=== Section Start ===
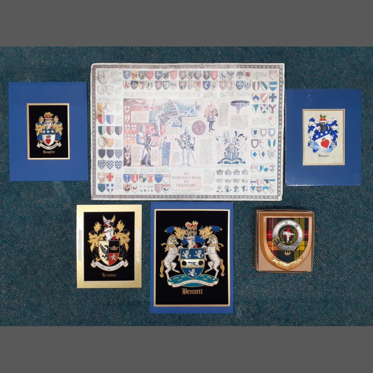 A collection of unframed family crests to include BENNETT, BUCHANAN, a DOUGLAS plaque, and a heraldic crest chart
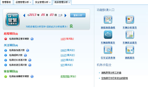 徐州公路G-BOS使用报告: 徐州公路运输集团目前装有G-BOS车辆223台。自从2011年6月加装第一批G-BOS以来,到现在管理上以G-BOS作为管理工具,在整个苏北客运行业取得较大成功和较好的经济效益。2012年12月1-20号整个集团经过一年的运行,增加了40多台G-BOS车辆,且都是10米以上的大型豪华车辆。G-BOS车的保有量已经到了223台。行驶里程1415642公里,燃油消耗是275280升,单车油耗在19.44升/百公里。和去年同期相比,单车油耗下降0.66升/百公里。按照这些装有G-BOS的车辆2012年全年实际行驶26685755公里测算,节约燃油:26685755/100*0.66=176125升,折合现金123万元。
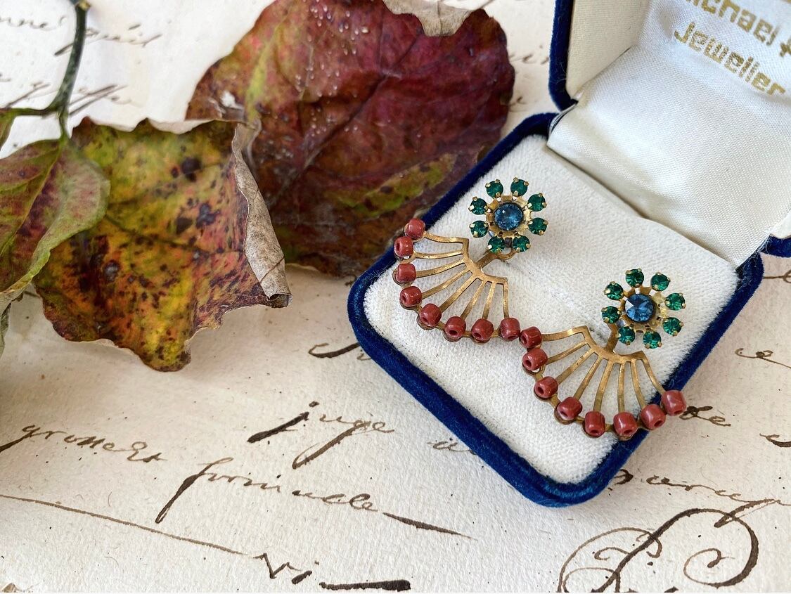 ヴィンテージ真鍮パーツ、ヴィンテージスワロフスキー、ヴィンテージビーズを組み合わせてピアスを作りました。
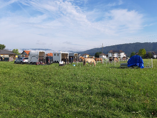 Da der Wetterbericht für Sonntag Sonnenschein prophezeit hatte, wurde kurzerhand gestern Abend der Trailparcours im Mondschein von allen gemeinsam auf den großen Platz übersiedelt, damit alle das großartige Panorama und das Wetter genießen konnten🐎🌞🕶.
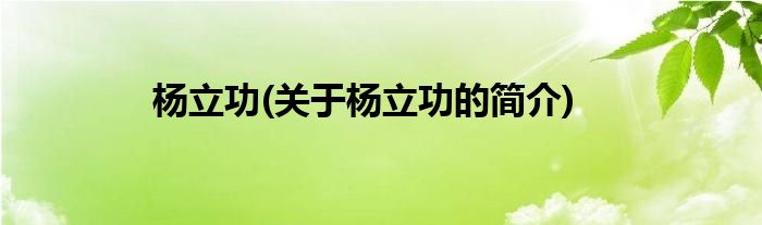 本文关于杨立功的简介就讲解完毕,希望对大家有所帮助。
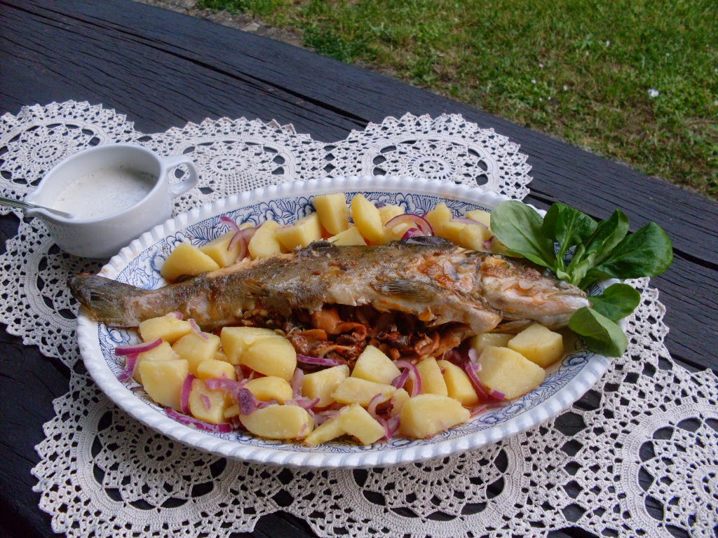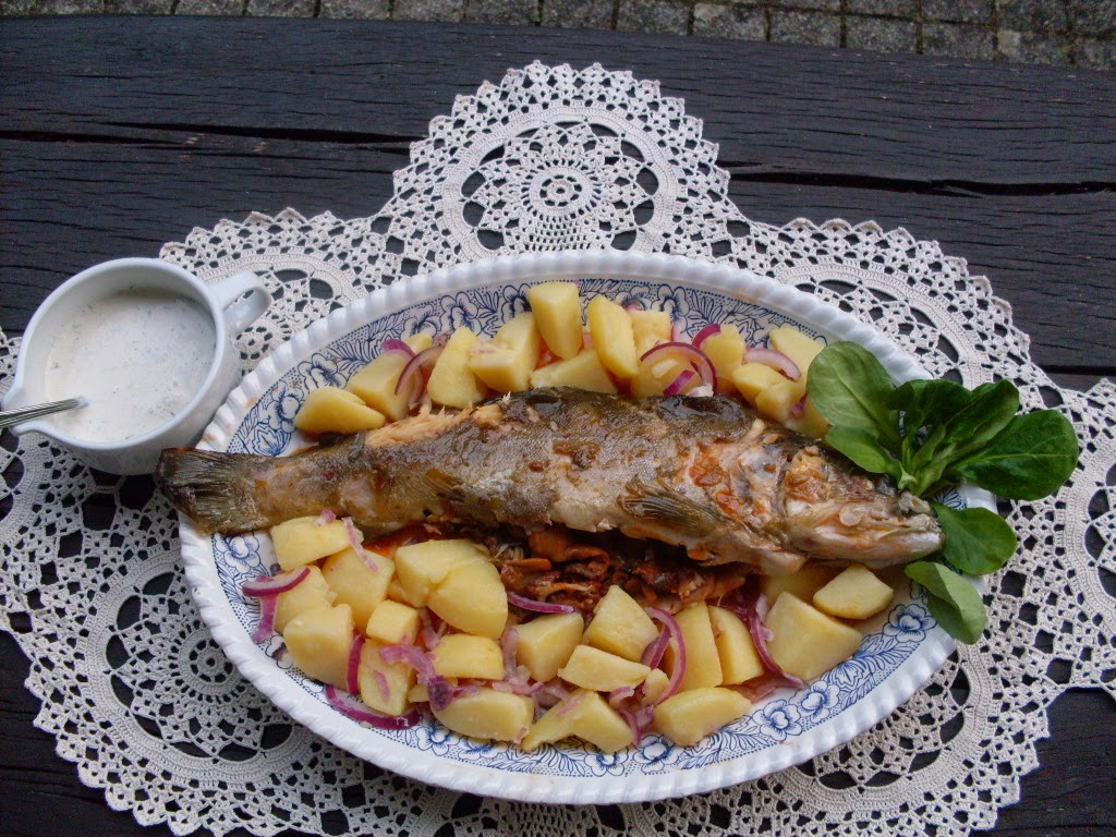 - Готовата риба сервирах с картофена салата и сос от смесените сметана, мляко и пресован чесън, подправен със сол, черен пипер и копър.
=== Section End ===
→ Exercise brief:
Pictures in the material above should be skipped; print exactly the lines from the one with "Da der Wetterbericht" through the one with "本文关于杨立功的简介就讲解完毕,希望对大家有所帮助。".

→ Solution for this task:
 Da der Wetterbericht für Sonntag Sonnenschein prophezeit hatte, wurde kurzerhand gestern Abend der Trailparcours im Mondschein von allen gemeinsam auf den großen Platz übersiedelt, damit alle das großartige Panorama und das Wetter genießen konnten🐎🌞🕶.
 本文关于杨立功的简介就讲解完毕,希望对大家有所帮助。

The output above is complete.